Bitterroot’s Moe Fire Gets No Rain, But Low Temperatures
The Moe Fire grew from 2,500 acres to 2,838 acres west of Lake Como. In Montana, the fire is now 279 acres in size.
The forest fire started weeks ago by lightning in the Nez Perce National Forest and has been edging toward the Bitterroot National Forest ever since. Last weekend, it spotted over the Montana border and into an area between Grizzly and Elk Lakes, about 10 miles west of Lake Como. The fire is not threatening any structures or private land and is being monitored by fire officials.
The recent cold temperatures have slowed the growth of the blaze, with below freezing numbers expected overnight for the next few days. However, the area remains very dry, and without a "season ending" rainfall or snowfall, the fire will continue to burn, with smoke visible from the valley floor.

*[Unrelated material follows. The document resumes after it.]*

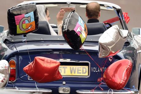 Et pour rejoindre leur résidence londonienne, les nouveaux duc et duchesse de Cambridge sont montés dans un Aston Martin cabriolet immatriculée « Just Wed », trainant des ballons multicolores et où l’on pouvait voir un panneau « L » sur le devant du capot signalant un jeune conducteur au volant.

Meanwhile, the Sawtooth Fire is burning on its western edge, in the Selway-Bitterroot Wilderness. No moisture was reported on that fire from the recent cold front, either. Helicopters are still dropping water on hot spots in the Sawtooth Canyon, west of Hamilton.
The other fires in the wilderness continue to burn. There are about 50,000 acres of fire in the Moose Creek Ranger District and on the northern end of the wilderness, the Powell Complex has grown to over 61,700 acres, with the Fern Fire being the most active, with group torching and small crown runs. the fire has burned to Forest Service Road 368 on Beaver Ridge and the the road is now closed.
Heavy smoke is still reported on Highway 12 near Powell, Idaho. Travelers need to use their headlights day and night.